College Ave and Sallie Mae are two of the most popular private student loan lenders, but they differ in a few ways.

College Ave generally offers lower starting interest rates and more flexible repayment options, while Sallie Mae stands out for its fast cosigner release and long history in student lending. Below, we compare College Ave vs. Sallie Mae across rates, repayment terms, loan types, eligibility requirements, and customer reviews to help you decide which lender is the better fit.

Two companies must be selected to compare.

fixed rates (apr)

4.39% – 16.85%

4.50% – 16.70%

variable rates (APR)

4.13% – 17.99%

4.13% – 17.99%

funding

$1K – total costs

$1K – total costs

term length (yrs.)

5 – 15

10 – 15

best for

Best Overall

Best for Fast Cosigner Release

Quick verdict: College Ave vs Sallie Mae

Choose College Ave if you want:

  • Flexible repayment options
  • The ability to refinance later

For a deeper analysis, read our College Ave student loan review.

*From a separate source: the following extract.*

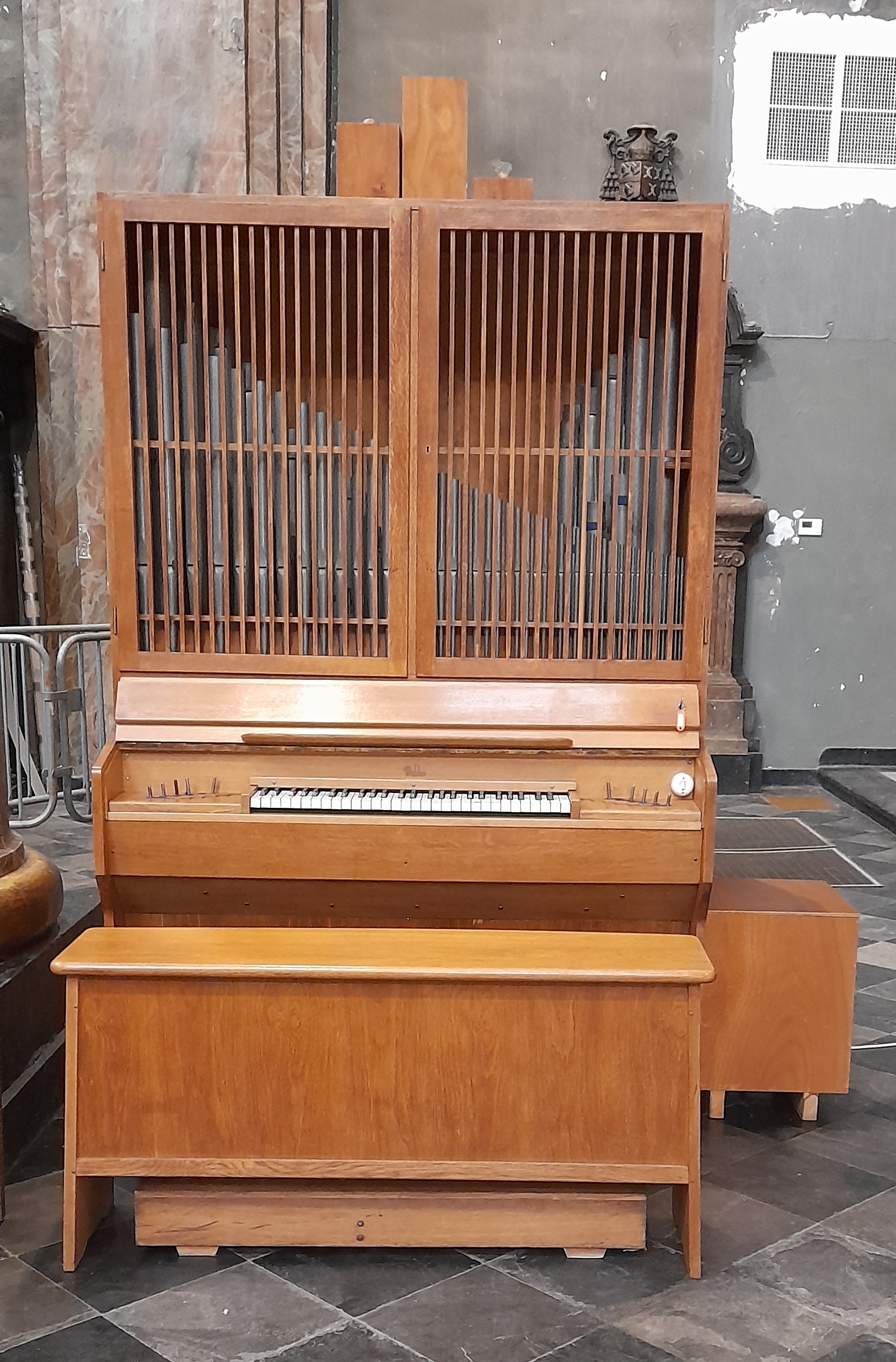 Cet instrument a été construit dans les années 60 par le facteur d’orgues allemand Oscar Walcker, de Ludwigsburg. Après avoir été démonté puis entreposé chez Ladach à Wuppertal, il a été remonté à Sainte-Catherine par la Manufacture Orgues De Facto en octobre 2023. Cet orgue comporte un clavier (situé en fenêtre) et un pédalier et est entièrement mécanique. Les jeux sont divisés en Basses et Dessus (coupure entre Si 2 et Do 3) pour multiplier les possibilités. L’instrument comprend de beaux jeux doux de flûtes, de même qu’un plenum bien fourni et un 2 pieds sous la forme d’une flûte (Sylvestre). La Soubasse de 16’, dont les tuyaux sont situés à l’arrière du buffet, est appelée par une pédale. Ce 16′ donne de l’assise à l’accompagnement et il s’en dégage une impression de grand orgue. Les tuyaux du clavier sont protégés par une grille en bois qui s’ouvre en deux parties.
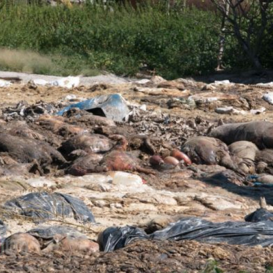Как только ситуация с вывозом мусора из Львова стала понемногу разрешаться, в украинских СМИ появилась шокирующая информация о том, что во Львовской, Тернопольской и Волынской областях образовались огромные свалки останков животных. Ещё в феврале 2017 года такой стихийный скотомогильник обнаружили возле села Боянец в полсотне километров от Львова. Здесь горы костей, копыт, шкур и прочих останков и даже целые туши мёртвых животных, занимающие почти три гектара земли. Останки сюда свозят жители близлежащих сёл, выращивающие скот на мясо. Местный житель рассказывает: «Отходы переработки животноводческой продукции, они должны куда-то девать, до того они вывозили на Жовковский филиал ДТ «Укрветзавод». Ну, так как там надо платить за переработку и утилизацию животных остатков, они свозят их сюда на данный период и экономят средства».

Choose Sallie Mae if you want:

  • Faster cosigner release
  • A long-established lender
  • More graduate loan specialization

See more in our Sallie Mae student loan review.

Differences between College Ave and Sallie Mae

FeatureCollege AveSallie Mae
Repayment options4 options3 options
Loan terms5 – 15 years10 – 15 years
Cosigner releaseHalfway through loanAs soon as 12 months
Student loan refinancingYesNo
Parent loanYesNo

What makes College Ave worth considering?

College Ave is a private student loan lender founded in 2014. In a relatively short time, it’s become a popular option for students and parents thanks to its flexible repayment features and customizable loan terms.

Borrowers can choose how they repay their loans while in school: deferred, interest-only, fixed payments, or full principal and interest. College Ave also allows borrowers to select repayment terms ranging from five to 15 years.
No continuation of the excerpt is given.